The Austin Zoo has a circular layout featuring exotic and native species. Some notable exhibits are:
- Aviaries: Numerous aviary structures are located in between the bears and big cat exhibits. These are home to the grey parrot, Amazon parrot, jenday conure, sulphur-crested cockatoo, white umbrella cockatoo, military macaw, blue and gold macaw, and rainbow lorikeet.
- Big Cats: Multiple exhibits featuring African lions, cougars, bobcats, and tigers. A white tiger named Zulema was added in 2020 after being rescued by the DEA.
- Capybaras and Bears: The central zoo area is home to the capybara, American black bear and fox.
- Dairy Barn: Farm animal area where visitors are able to feed Boer goats, Nigerian dwarf goats, pigs, pygmy goats, and sheep. Surrounding the barnyard are the emu, zebra, ostrich, axis deer, and llama habitats.

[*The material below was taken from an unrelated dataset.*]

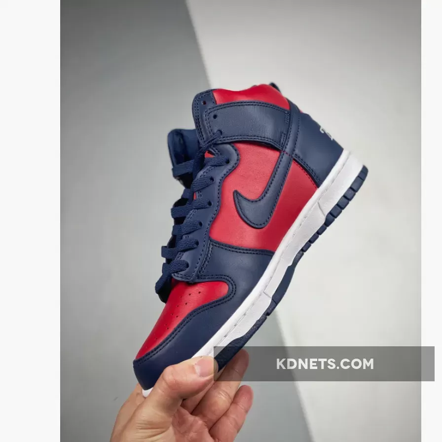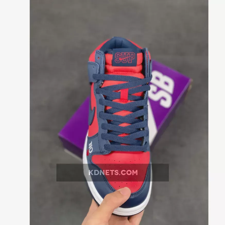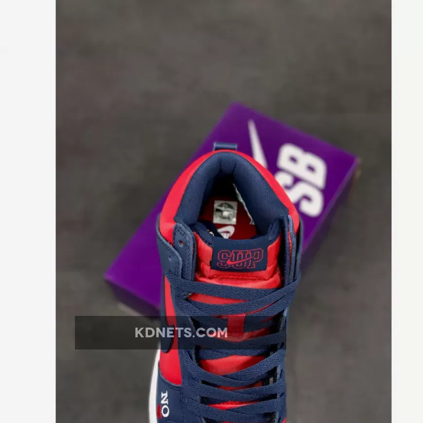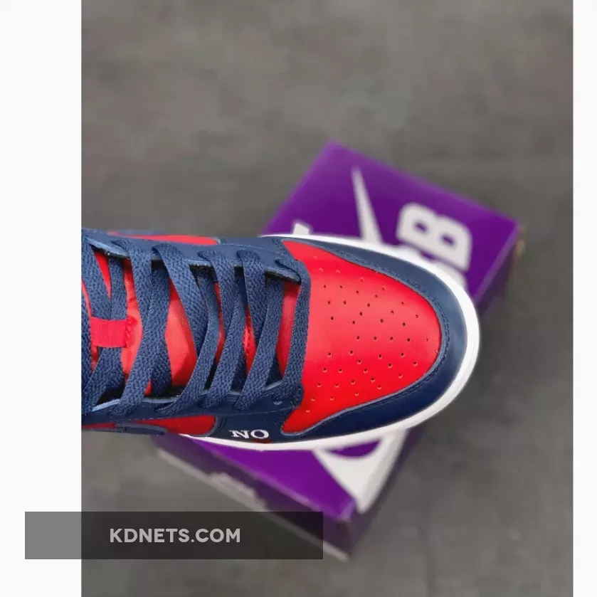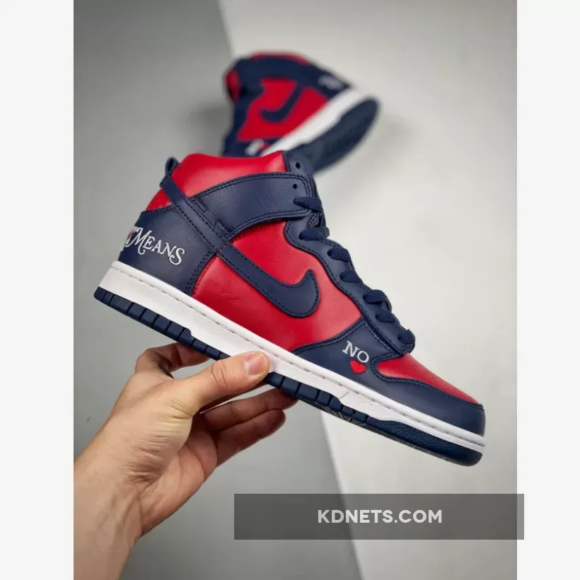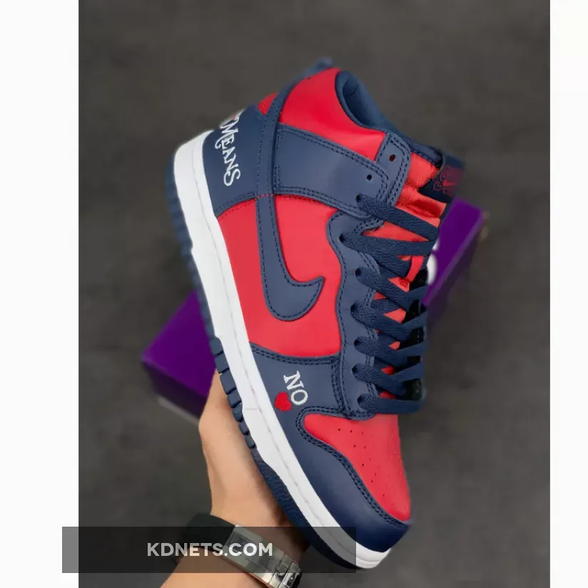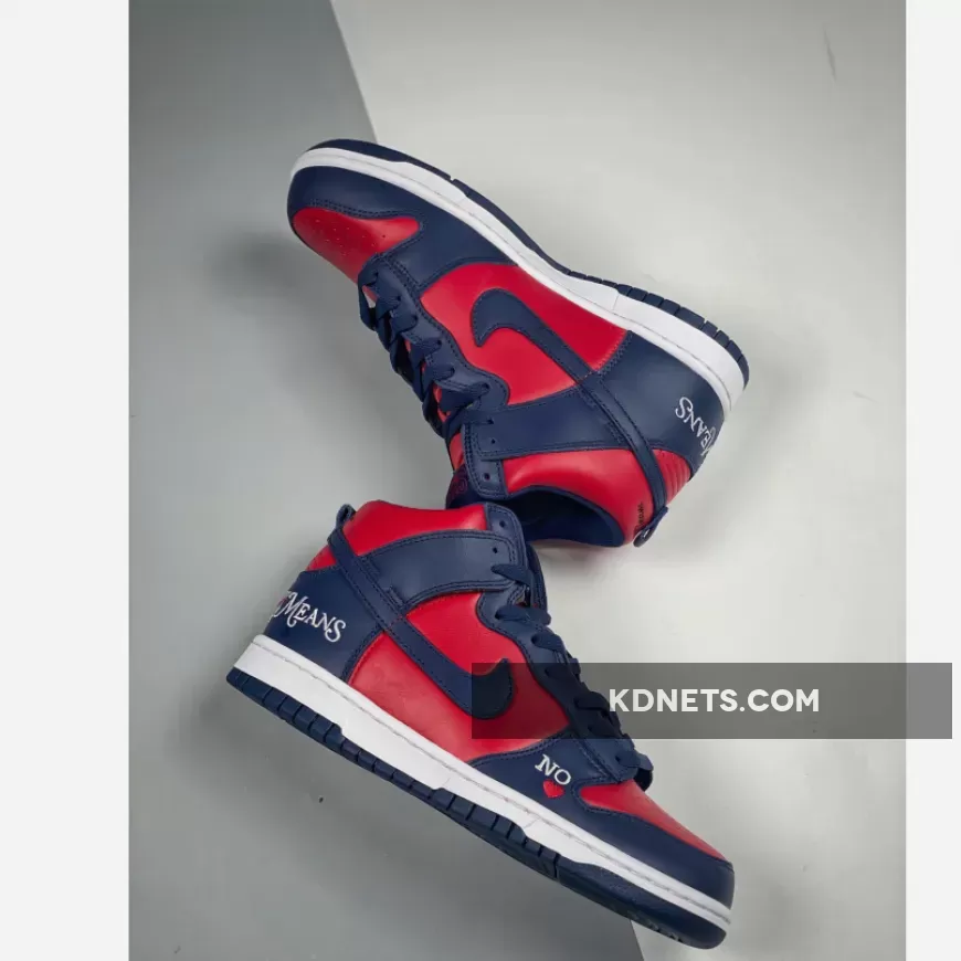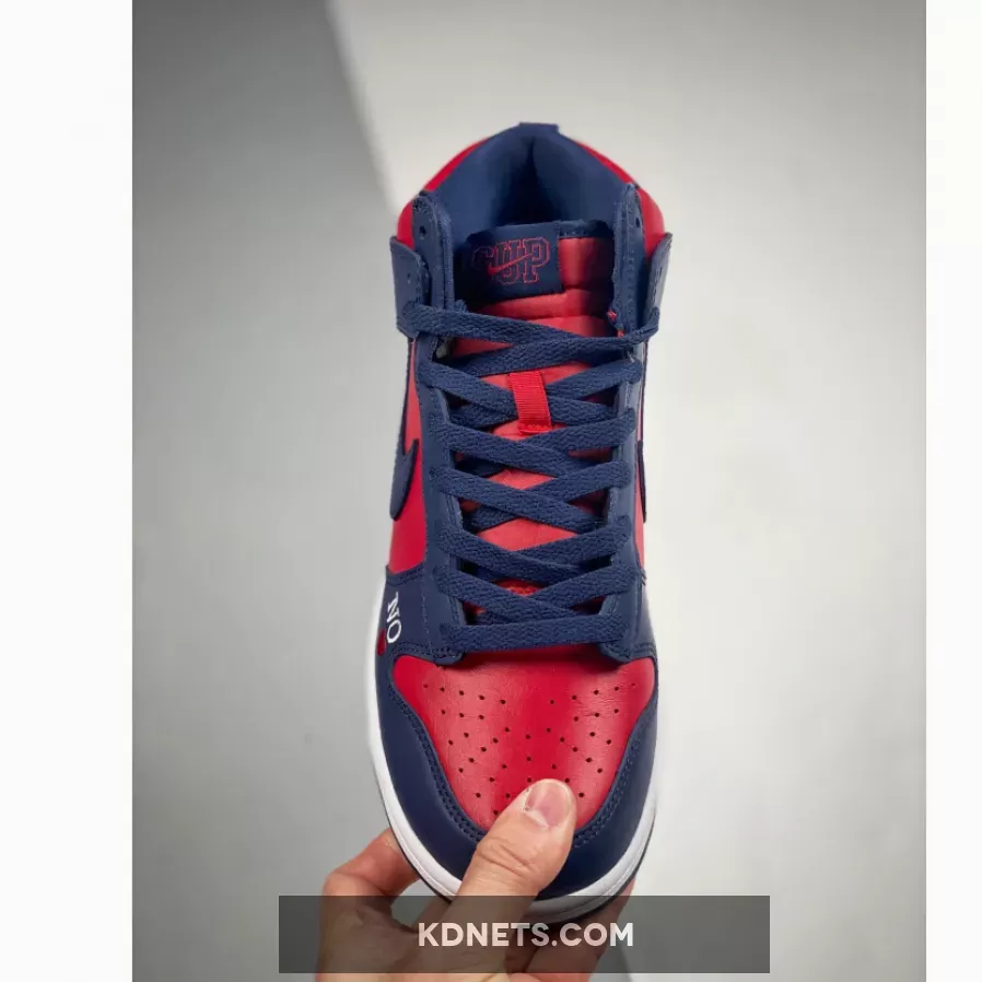 Look effortlessly bold and striking in an instant with the Supreme x Nike Dunk High Navy Red. This pair from the “By Any Means” trio collection delights with a smooth red leather base that animates the perforated toe box, side panels and collar. Contrasting it are navy overlays that cover the toe, throat, heel and ankle areas.

- Primate Palace: Contains animals such as the capuchin monkey, loris, patas monkey, colobus monkey, and ring-tailed lemur.
- Tortoise Barn: Large barn and barnyard home to the Galápagos tortoise.
- Train Depot: The train depot provides rides on a children's train to the east of the park. The American alligator habitat is in this area.
- Reptile House: Indoor area for reptiles and arachnids.

== Land usage ==
Austin Zoo owns 54 acres of land. Currently, 16 acres have been developed and house the Zoo's animal collection. The additional acreage will be used to allow expansion of the zoo as needs change.